───── Material supplied

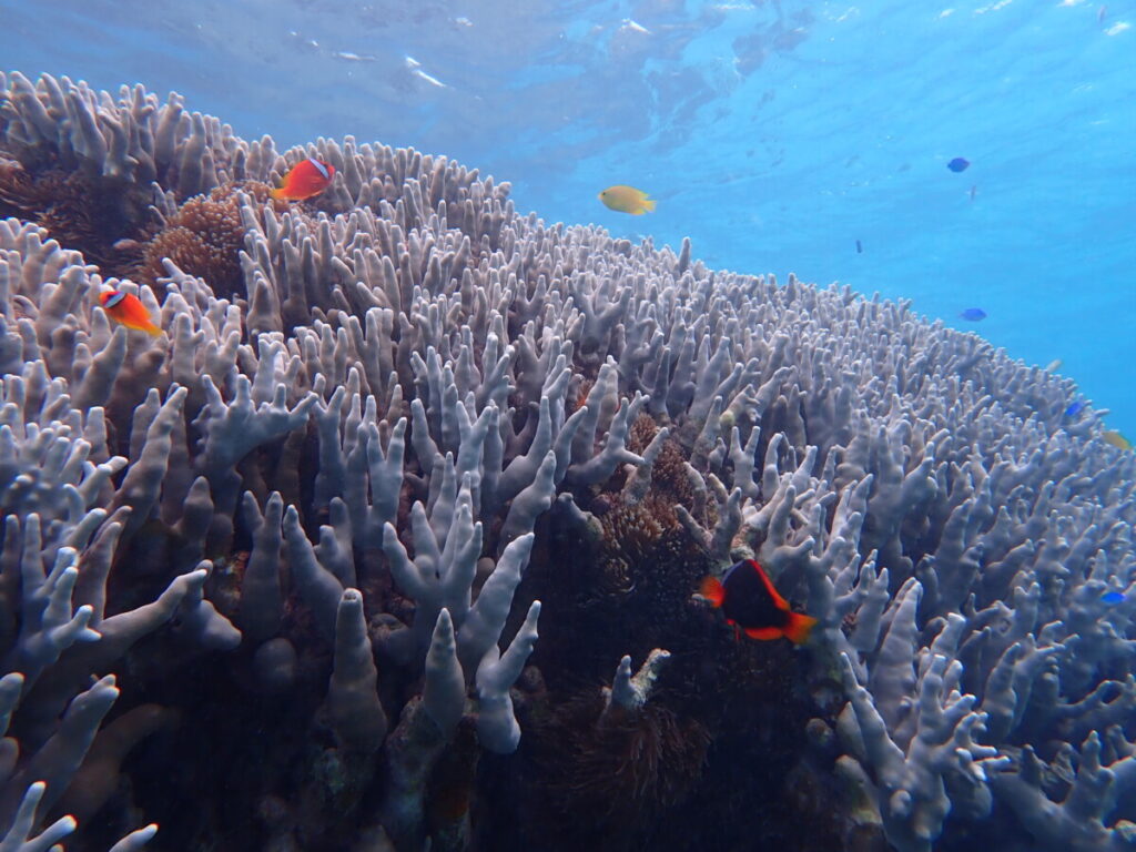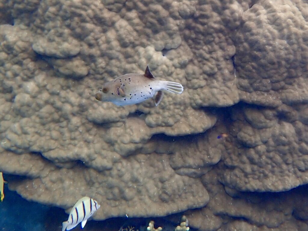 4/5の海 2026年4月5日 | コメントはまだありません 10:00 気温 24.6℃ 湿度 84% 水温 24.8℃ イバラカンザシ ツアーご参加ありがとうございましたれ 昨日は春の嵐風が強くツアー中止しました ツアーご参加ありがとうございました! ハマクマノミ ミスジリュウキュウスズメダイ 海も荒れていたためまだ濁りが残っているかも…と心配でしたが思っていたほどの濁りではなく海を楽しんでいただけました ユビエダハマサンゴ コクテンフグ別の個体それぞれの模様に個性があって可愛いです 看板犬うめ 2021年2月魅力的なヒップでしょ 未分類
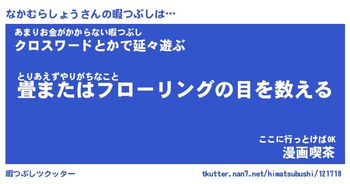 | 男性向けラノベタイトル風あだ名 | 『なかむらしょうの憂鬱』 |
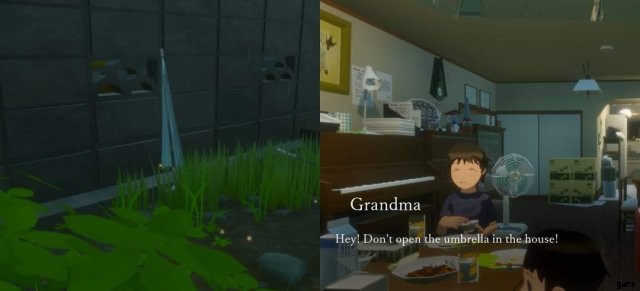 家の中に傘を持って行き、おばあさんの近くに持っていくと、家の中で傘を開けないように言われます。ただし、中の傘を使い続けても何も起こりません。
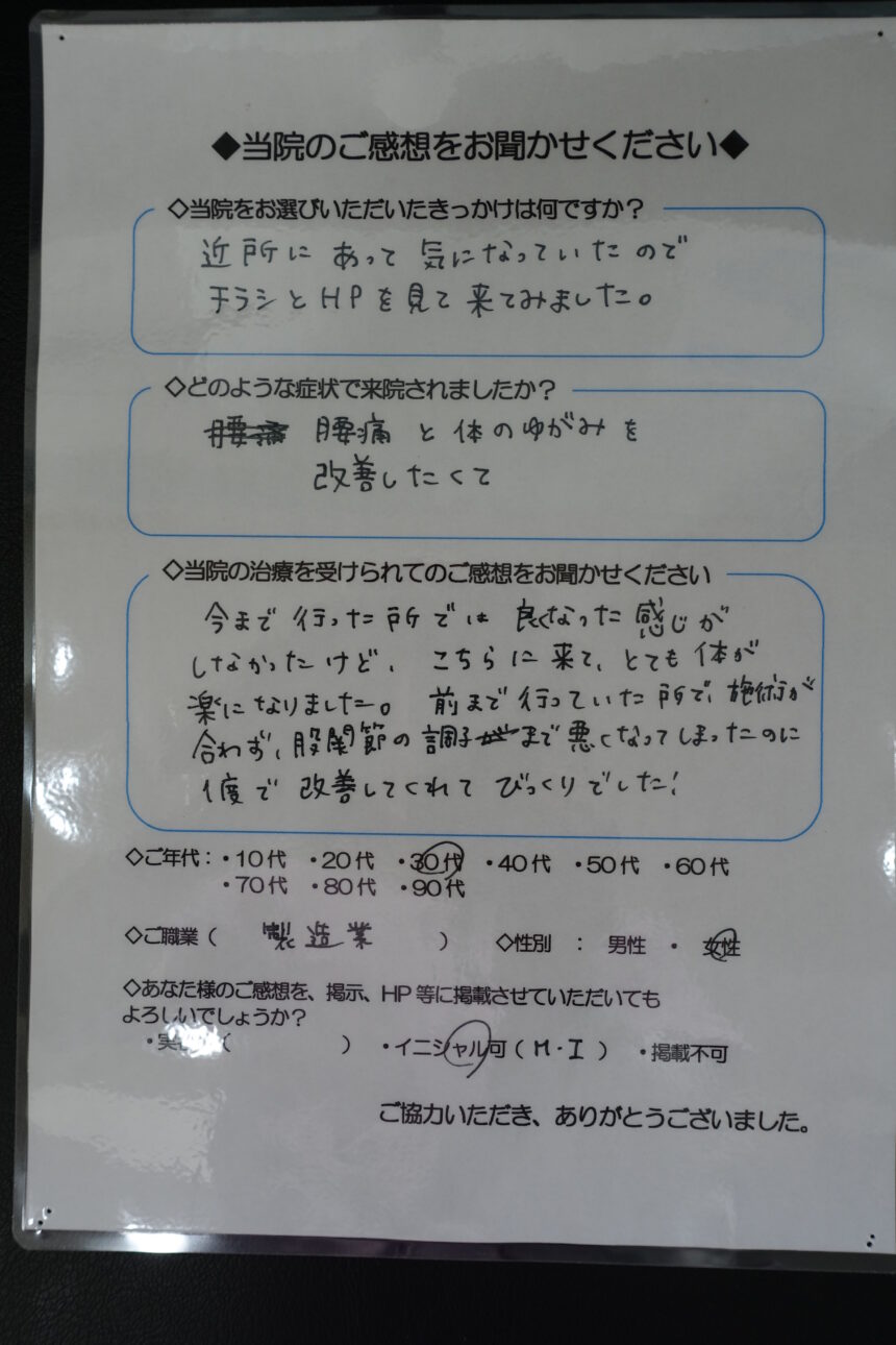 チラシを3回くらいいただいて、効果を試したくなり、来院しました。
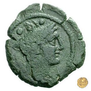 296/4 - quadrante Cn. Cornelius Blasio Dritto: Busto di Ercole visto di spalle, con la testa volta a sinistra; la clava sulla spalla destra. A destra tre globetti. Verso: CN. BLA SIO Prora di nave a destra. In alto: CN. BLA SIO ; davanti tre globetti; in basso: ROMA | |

──────────

Task details —
Before printing anything, remove the pictures; then print all the records exactly.

Exercise output —
 4/5の海 2026年4月5日 | コメントはまだありません 10:00 気温 24.6℃ 湿度 84% 水温 24.8℃ イバラカンザシ ツアーご参加ありがとうございましたれ 昨日は春の嵐風が強くツアー中止しました ツアーご参加ありがとうございました! ハマクマノミ ミスジリュウキュウスズメダイ 海も荒れていたためまだ濁りが残っているかも…と心配でしたが思っていたほどの濁りではなく海を楽しんでいただけました ユビエダハマサンゴ コクテンフグ別の個体それぞれの模様に個性があって可愛いです 看板犬うめ 2021年2月魅力的なヒップでしょ 未分類
 | 男性向けラノベタイトル風あだ名 | 『なかむらしょうの憂鬱』 |
 家の中に傘を持って行き、おばあさんの近くに持っていくと、家の中で傘を開けないように言われます。ただし、中の傘を使い続けても何も起こりません。
 チラシを3回くらいいただいて、効果を試したくなり、来院しました。
 296/4 - quadrante Cn. Cornelius Blasio Dritto: Busto di Ercole visto di spalle, con la testa volta a sinistra; la clava sulla spalla destra. A destra tre globetti. Verso: CN. BLA SIO Prora di nave a destra. In alto: CN. BLA SIO ; davanti tre globetti; in basso: ROMA | |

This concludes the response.